Кобыла и Чебурашка раскачиваются в центре танцплощадки с демонстративно равнодушными лицами. Нам с Ритой Кобыла кажется довольно старой. Наверное, ей целых двадцать, а может, все двадцать два.
К двадцати годам девушка в нашем городе должна была обладать статусом невесты, а к двадцати двум нянчить как минимум первенца.

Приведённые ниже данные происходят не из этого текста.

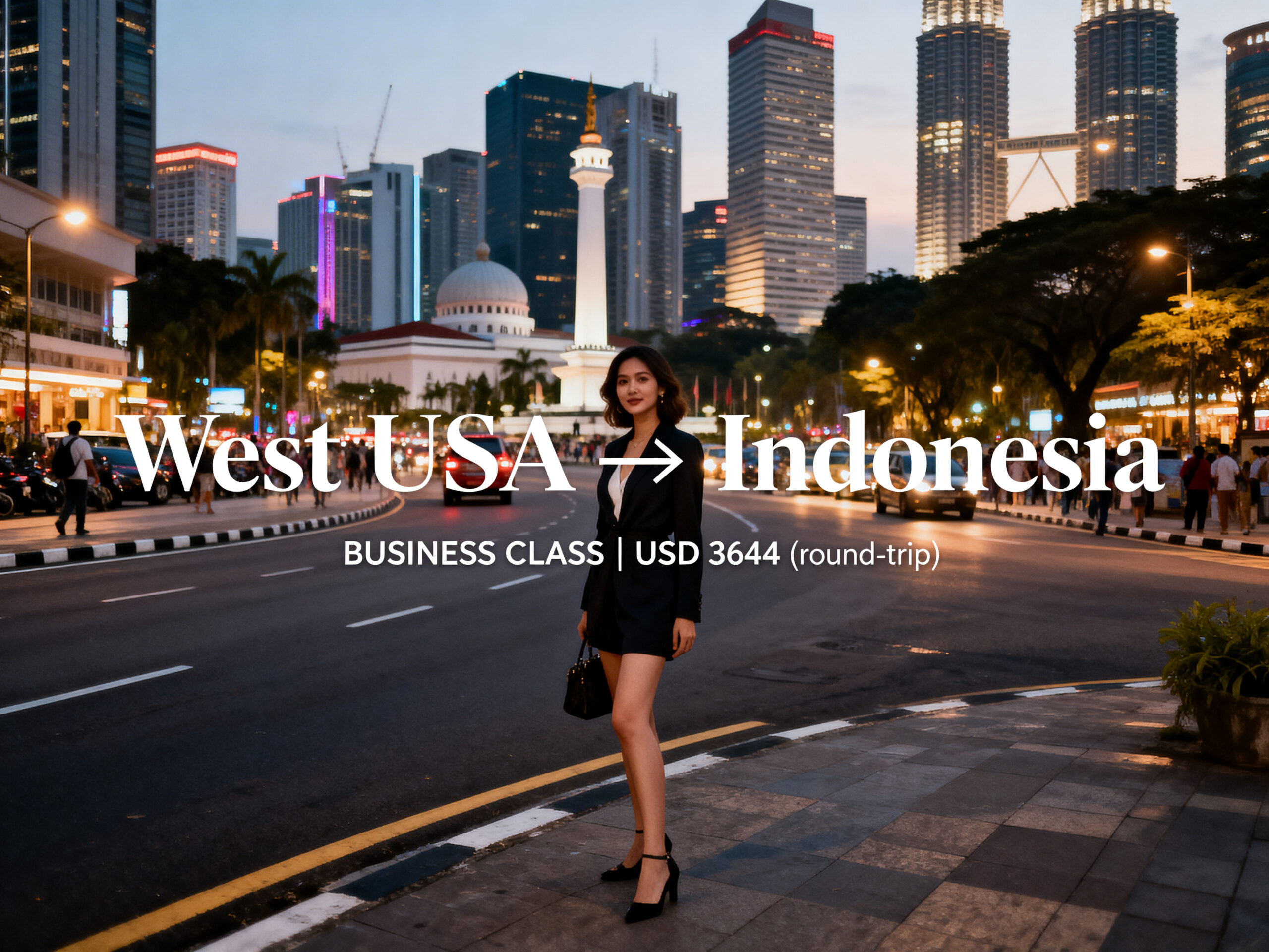 Fly in BUSINESS CLASS from California, USA to Indonesia for only US$ 3,644 (round-trip)

Не достигшие этой планки считались лежалым товаром и особого уважения не вызывали. Вот и Кобыла. Она была довольно старой, к тому же определенно ничьей, и все-таки нечто бесконечно влекущее было в этой ее долговязой фигуре и манере танцевать, не двигаясь с места. С козьим равнодушием на бесцветном лице, с огромными накладными ресницами на фиолетовых веках.
Кобыла была старой и вызывала смешанное чувство жалости и восхищения.
Однако с уходом ее танцплощадка будто бы замирала, пустела – дальнейшее теряло всякий смысл, – и даже поданный «на закуску» «карл-сон» мало кого вдохновлял.
Лишь некоторые дожидались официального завершения «танцев» – допустим, такие, как я, давно и безответно влюбленные в таких, как бледный гитарист с жидкими прядями вдоль скул. У гитариста было имя, абсолютно тривиальное – Вася или Коля, – но мне оно казалось волшебным – таким же, как и длинные худые пальцы, брюки-клеш ослепительно канареечного цвета и рыжие тупоносые ботинки на танкетке.
На танцы я бегала исключительно «по делу». Обожать издалека, с каждым днем становясь все ближе и ближе к объекту любви, – ах, иногда мне казалось, что я так же загадочна и прекрасна, как Кобыла, – особенно когда на площадке почти никого не оставалось и мне удавалось исполнить сольную партию перед сценой. После очередного номера я бросала пламенный взгляд на светящуюся в темноте фигуру гитариста, но он по-прежнему смотрел куда-то мимо меня, мимо танцующих, стоящих, прикуривающих, смеющихся…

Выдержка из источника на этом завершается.